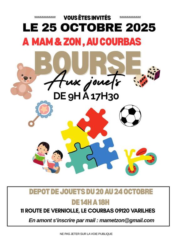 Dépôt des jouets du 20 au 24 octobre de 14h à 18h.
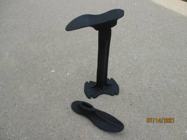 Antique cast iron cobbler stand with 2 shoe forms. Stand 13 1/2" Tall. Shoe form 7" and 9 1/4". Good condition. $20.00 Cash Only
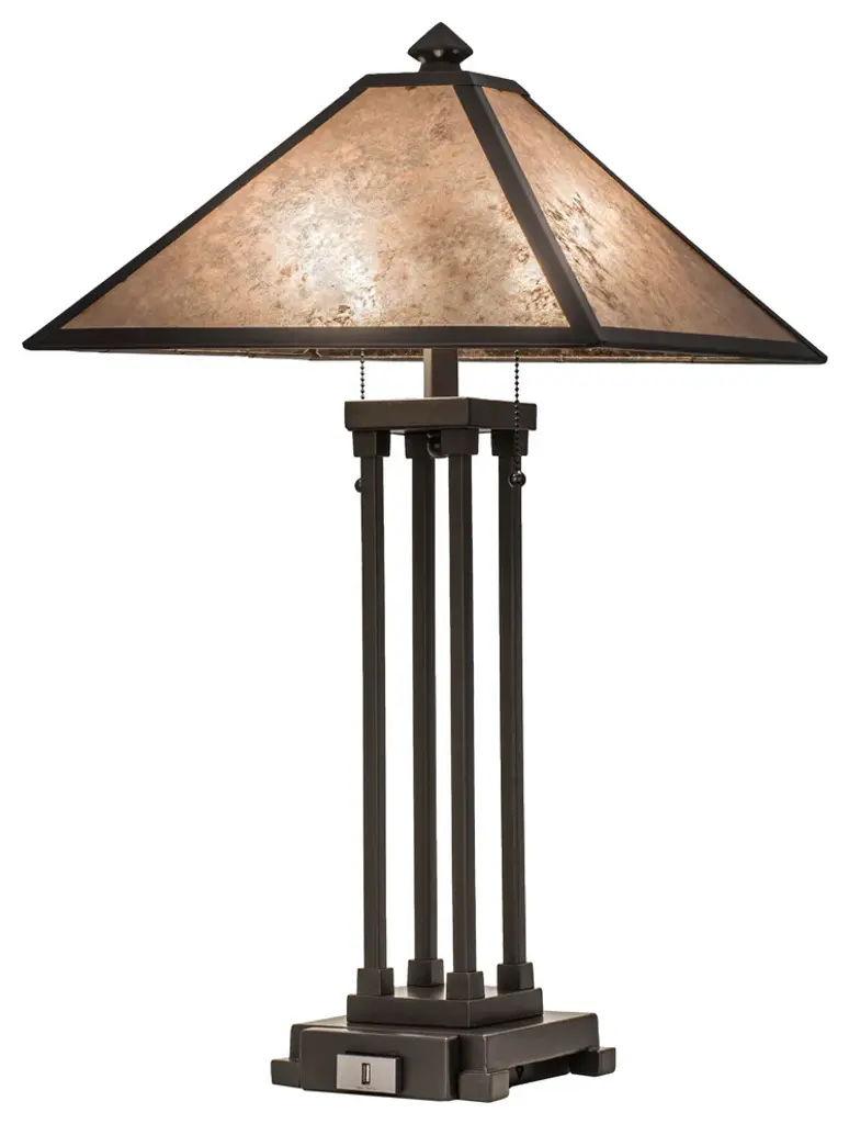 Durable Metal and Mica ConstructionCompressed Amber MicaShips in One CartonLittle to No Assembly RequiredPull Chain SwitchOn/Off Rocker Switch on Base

-*-*-

> **INSTRUCTIONS TO FOLLOW**: For this exercise, return the data above exactly and leave every picture out.

> **EXERCISE SOLUTION**:
 Dépôt des jouets du 20 au 24 octobre de 14h à 18h.
 Antique cast iron cobbler stand with 2 shoe forms. Stand 13 1/2" Tall. Shoe form 7" and 9 1/4". Good condition. $20.00 Cash Only
 Durable Metal and Mica ConstructionCompressed Amber MicaShips in One CartonLittle to No Assembly RequiredPull Chain SwitchOn/Off Rocker Switch on Base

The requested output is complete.